Lawmakers ask SEC to clarify subprime rule

WASHINGTON (Reuters) - U.S. lawmakers on Tuesday asked the Securities and Exchange Commission to clarify an accounting rule that may be preventing some institutions from making loan modifications to help subprime mortgage borrowers.

A letter sent by 11 Democrats to SEC Chairman Christopher Cox sought clarification on the rule known as “FAS 140,” which governs asset-backed securitized products like mortgage-backed securities.

At issue is when a mortgage can be modified if it is part of a pool of securities that includes subprime adjustable rate mortgages made to borrowers with a poor credit history.

Lawmakers and federal banking regulators are seeking ways to move subprime borrowers into mortgages with fixed long-term interest rates, but the accounting rule might prove to be an accounting or legal obstacle.

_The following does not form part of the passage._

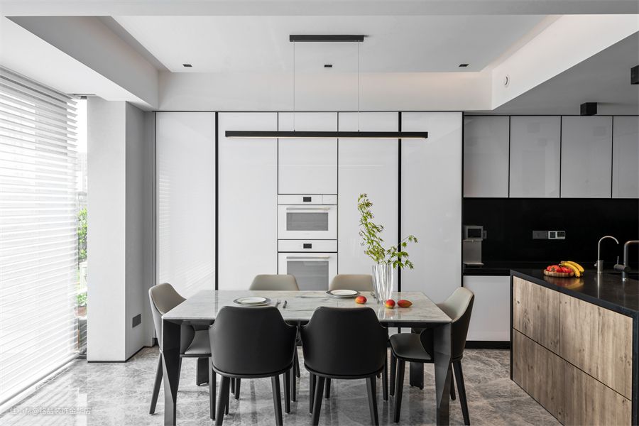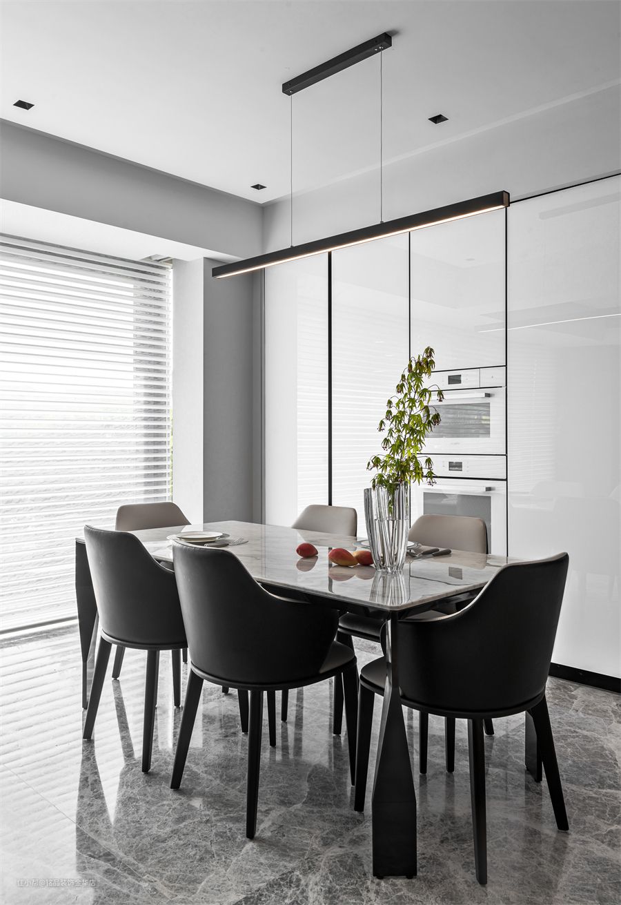 餐边柜和橱柜做了衔接,统一的闭合式白色柜门,让空间更显简洁。
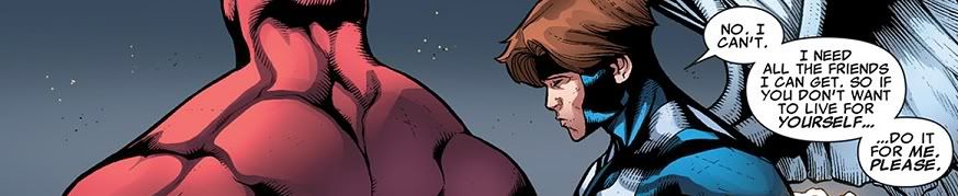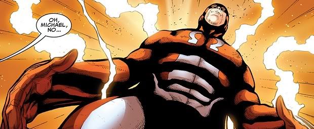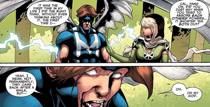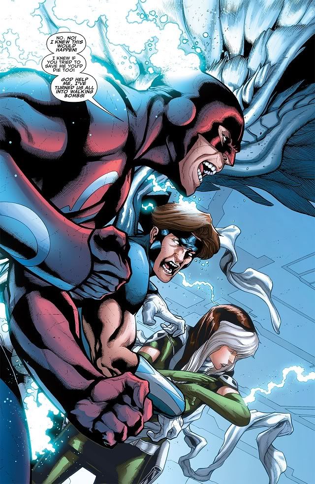 Omega has finally decided to do us all a glorious favor and kill himself. Seriously, does this guy have any fans? He was introduced a few years ago by killing Alpha Flight! Everybody loves Alpha Flight! Omega hasn’t done jack for anybody else since, always just languishing around because nobody wants to touch such a worthless, pathetic character. So rather than let Mimic’s excellent plan cure everybody, Omega just reabsorbed all of the explosion juice out of Rogue and Mimic. They’re gonna be fine, and Omega is totally fine with blowing up. Everybody wins.

“A number of parties have brought to our attention that FAS 140, the accounting standard that guides securitizations, may not clearly state at what point a loan may be modified,” the congressional lawmakers said in a June 15 letter signed by House of Representatives Financial Services Committee Chairman Barney Frank and 10 other House lawmakers.

The lawmakers said they want to know if a loan might be modified at a point when default is reasonably foreseeable or at a time when default or delinquency has already happened.

“The lack of clarity may be leading some institutions to withhold making some loan modifications that may benefit borrowers -- and bondholders -- for fear of being found in violation of FAS 140,” they said.

The lawmakers told Cox they are seeking clarity because they are concerned about the rising rate of mortgage foreclosures.

Earlier this month the Financial Accounting Standards Board (FASB) said it planned to talk with banks directly about frustrations the rule may be causing.

The rule-making body plans to hold a closed-door “educational forum” later this month with several interested parties to find out if issues about which banks are complaining are related to legal or accounting concerns.